Please note: As of January 20, 2021, information in some news releases may be out of date or not reflect current policies.
Statement of Enforcement Policy by Solicitor of Labor Kate O’Scannlain and Principal Deputy Assistant Secretary for OSHA Loren Sweatt regarding Meat and Poultry Processing Facilities
WASHINGTON, DC – The U.S. Department of Labor issued the following statement from Solicitor of Labor Kate O’Scannlain and Principal Deputy Assistant Secretary for OSHA Loren Sweatt regarding Meat and Poultry Processing Facilities:
“The Occupational Safety and Health Administration (OSHA) and the Centers for Disease Control and Prevention (CDC) recently issued joint interim guidance for meat and poultry processing workers and employers (Joint Meat Processing Guidance) in light of multiple outbreaks of COVID-19 among meat, pork, and poultry processing facility workers. It is vitally important that employers in this critical industry adhere to the Joint Meat Processing Guidance to protect their workers from the risk of COVID-19 infection. Moreover, the security of America’s food supply relies on meat, pork, and poultry processing facilities continuing to operate, which they cannot do without a healthy workforce. In light of President Trump’s invocation of the Defense Production Act (DPA) with respect to meat and poultry processing, OSHA and the Solicitor of Labor issue this statement to clarify the effect of the Joint Meat Processing Guidance in this circumstance.

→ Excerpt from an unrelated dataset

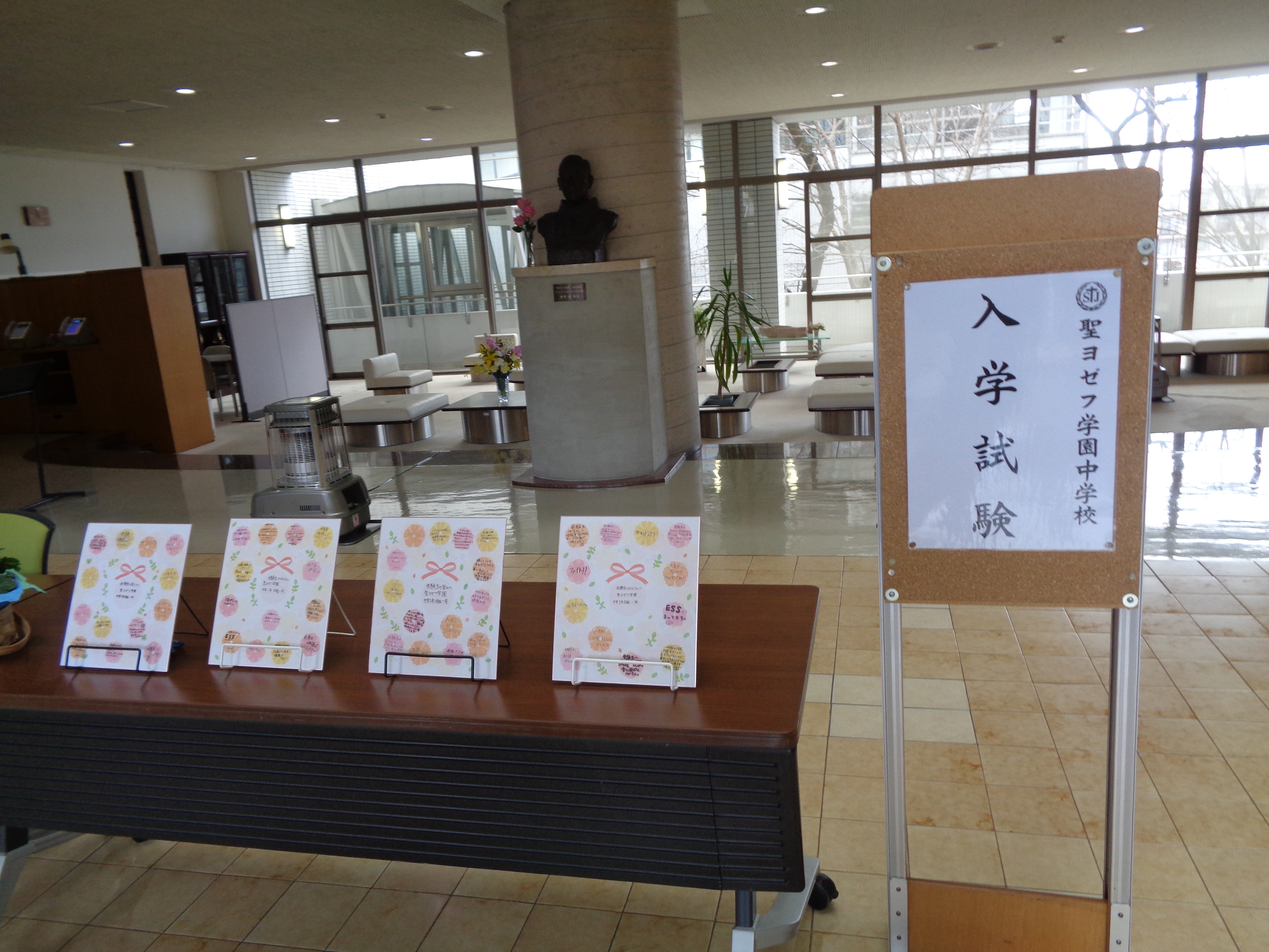 『総合・グループワーク型入試』の集合時間は14時30分。春のような暖かさの中、16名の受験生と保護者の方が同校を訪れました。校門をくぐり校舎入り口では、高校3年生の在校生と先生方が出迎えてくれます。受付には、在校生が受験生に向けたメッセージが飾られていました。中学入試委員長の熊澤正勝先生によると、この在校生のメッセージを印刷したものと先生方のメッセージカードが入試前に受験生へ送られているそうです。受験生は嬉しかったに違いありません。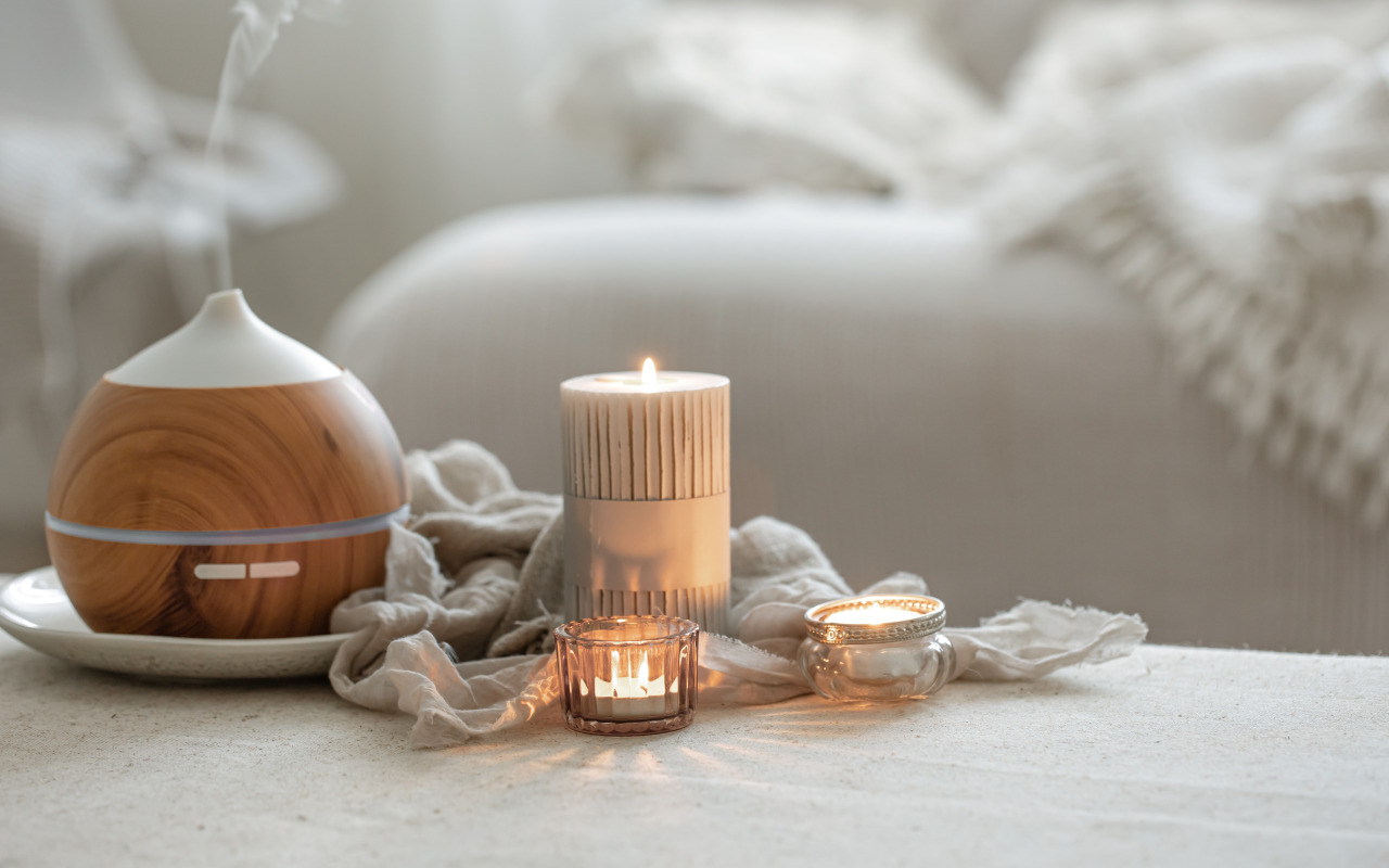 стол, диван, релакс, полотенце, свечи, ткань, дымка, подсвечник

“OSHA has issued enforcement guidance indicating the agency will use enforcement discretion for employers adhering to appropriate guidance, including the Joint Meat Processing Guidance. As stated in the Joint Meat Processing Guidance, employers should conduct worksite assessments to identify COVID-19 risks and prevention strategies and then implement them. It is important that employers seek to adhere to this Guidance. To the extent employers determine that certain measures are not feasible in the context of specific plants and circumstances, they are encouraged to document why that is the case. In the event of an investigation, OSHA will take into account good faith attempts to follow the Joint Meat Processing Guidance. OSHA does not anticipate citing employers that adhere to the Joint Meat Processing Guidance. Additionally, because of the President’s invocation of the DPA, no part of the Joint Meat Processing Guidance should be construed to indicate that state and local authorities may direct a meat and poultry processing facility to close, to remain closed, or to operate in accordance with procedures other than those provided for in this Guidance.
“In addition, courts often consider compliance with OSHA standards and guidance as evidence in an employer’s favor in litigation. Where a meat, pork, or poultry processing employer operating pursuant to the President’s invocation of the DPA has demonstrated good faith attempts to comply with the Joint Meat Processing Guidance and is sued for alleged workplace exposures, the Department of Labor will consider a request to participate in that litigation in support of the employer’s compliance program. Likewise, the Department of Labor will consider similar requests by workers if their employer has not taken steps in good faith to follow the Joint Meat Processing Guidance.
“OSHA encourages employers to contact OSHA for compliance assistance or the OSHA On-Site Consultation Program for assistance in applying the joint guidance to their worksites. Employers also may contact CDC for assistance.”